Running racer.sh 2.4.50-79-gaed8203 with some local patches (LU-3072, LU-3348, LU-3233, LU-3448) I can reproduce the following oops in vvp_io_fault_iter_init():

00000100:00100000:0.0:1371755423.271136:0:30780:0:(client.c:1805:ptlrpc_check_set()) Completed RPC pname:cluuid:pid:xid:nid:opc 19:1868864a-63ce-938d-b909-2dada17703ae:30780:1438389041886196:0@lo:49
00000080:00020000:0.0:1371755423.271146:0:30780:0:(vvp_io.c:1241:vvp_io_init()) lustre: refresh file layout [0x2c0000401:0x3467:0x0] error -13.
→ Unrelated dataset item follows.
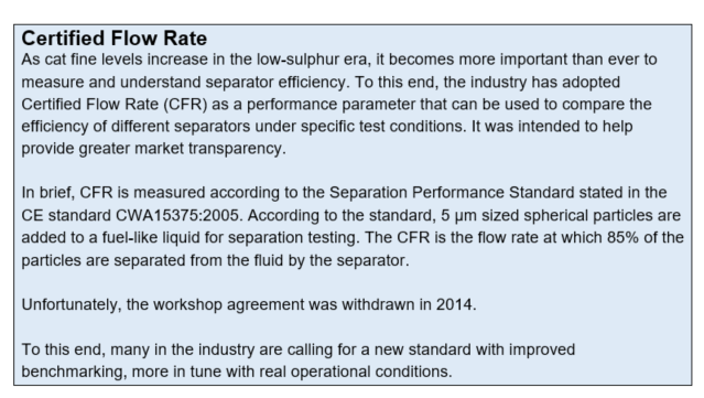 The density, viscosity, feed flow rate, and temperature of the fuel are all critical factors in determining the effectiveness of the separator. As the available choice of fuels changes in the low-sulphur era, crews will need to maintain a much higher level of understanding than they have been able to get away with up to now.
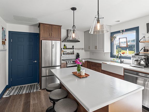 This striking 3-bedroom, 2.5-bath stone front home offers 1,952 sq ft of well-designed living space on 6.11 acres. With a modern interior, expansive layout, and bonus finished shop space, this property is ideal for anyone looking for both comfort and functionality. Inside, the main level features a den, formal dining room, spacious living room, an eat-in kitchen, laundry room, and a half bath. Upstairs, you’ll find all three bedrooms, including the primary suite with a private bath featuring twin vanity sinks, a walk-in closet, and a separate toilet and shower area. The home includes a 2-car attached garage, plus an oversized finished 2-car detached garage/shop. This versatile space is heated and cooled, and includes a full bath with a washer and dryer, a separate room, a loft area, and a built-in bar with sink and refrigerator. Enjoy low-maintenance landscaping with perennial flowers, a line of cheerful sunflowers near the shop, and a variety of fruit trees behind the shop and by the garden area. The tillable acreage is currently leased to a local farmer, providing optional rental income.

BUG: unable to handle kernel NULL pointer dereference at 00000000000000b0
IP: [<ffffffffa0ce2bbc>] vvp_io_fault_iter_init+0x4c/0xc0 [lustre]
...
Pid: 30780, comm: 19 Tainted: P           ---------------    2.6.32-279.19.1.el6_lustre_gcov.x86_64 #1 Bochs Bochs
RIP: 0010:[<ffffffffa0ce2bbc>]  [<ffffffffa0ce2bbc>] vvp_io_fault_iter_init+0x4c/0xc0 [lustre]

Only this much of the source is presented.